I’m running some double precision code in device emulation mode for development.
I’m getting some pretty mean error on division. Is this representative of the real device or just a weirdness in deviceemu? The CUDA manual says I should have pretty much none.
a = 3.5637338457619299
b = 9.3451182258927847
deviceemu a/b = 0.38134709000587463
gdb (on cpu) a/b = 0.38134711189504172
You can debug binaries built with -deviceemu like you would any other GDB application.
So something like (comments in parenthesis):
break gpu_function (break at entry to gpu function)
r (run)
list (multiple times perhaps, to see interesting code)
b 123 (break at interesting line of current file)
c (continue)
p variable (print variable values)
I have the same problem with double precision. I compile with sm_13 and I have a GTX280. On device there are erroneous results but if emulated there are no errors. There’s an example of my output. First row is index of matrix, second one is GPU, third one is CPU.

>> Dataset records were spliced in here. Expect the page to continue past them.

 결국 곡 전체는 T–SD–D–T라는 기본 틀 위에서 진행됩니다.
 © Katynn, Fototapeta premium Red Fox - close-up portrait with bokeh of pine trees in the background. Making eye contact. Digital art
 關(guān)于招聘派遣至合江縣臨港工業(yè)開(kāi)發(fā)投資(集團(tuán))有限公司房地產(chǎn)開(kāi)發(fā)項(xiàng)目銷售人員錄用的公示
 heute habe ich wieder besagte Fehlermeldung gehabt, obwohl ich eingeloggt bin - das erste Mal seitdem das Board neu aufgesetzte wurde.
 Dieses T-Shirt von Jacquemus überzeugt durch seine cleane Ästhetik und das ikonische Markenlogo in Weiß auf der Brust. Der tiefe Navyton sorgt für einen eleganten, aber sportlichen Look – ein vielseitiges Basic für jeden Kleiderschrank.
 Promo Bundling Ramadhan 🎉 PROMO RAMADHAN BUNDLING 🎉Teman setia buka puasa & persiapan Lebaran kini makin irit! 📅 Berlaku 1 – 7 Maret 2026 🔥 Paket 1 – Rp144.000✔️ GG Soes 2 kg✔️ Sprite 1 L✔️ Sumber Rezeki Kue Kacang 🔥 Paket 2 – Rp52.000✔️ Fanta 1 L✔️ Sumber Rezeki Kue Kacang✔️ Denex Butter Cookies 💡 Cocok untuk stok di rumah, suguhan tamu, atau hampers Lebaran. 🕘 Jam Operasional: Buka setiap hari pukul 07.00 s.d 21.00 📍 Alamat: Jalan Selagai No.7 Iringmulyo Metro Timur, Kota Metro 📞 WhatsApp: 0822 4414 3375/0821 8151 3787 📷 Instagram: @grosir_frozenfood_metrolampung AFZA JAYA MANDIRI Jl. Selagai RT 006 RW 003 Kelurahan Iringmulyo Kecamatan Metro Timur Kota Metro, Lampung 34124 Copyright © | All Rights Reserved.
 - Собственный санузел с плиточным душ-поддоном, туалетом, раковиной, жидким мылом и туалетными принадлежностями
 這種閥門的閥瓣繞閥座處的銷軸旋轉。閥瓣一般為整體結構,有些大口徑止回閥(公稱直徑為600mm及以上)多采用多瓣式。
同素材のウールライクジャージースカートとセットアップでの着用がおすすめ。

The deviation in your results are down at about the 16th digit. IEEE double precision uses 53bits for the fractional component of the number. That means you have roughly log10(2^53) or 15.955 digits of fractional accuracy before you would expect to see deviations between results computed on different IEEE-754 compliant machines.
I would put your results in the “perfectly acceptable” category. The original posters’ results, however, are clearly something different.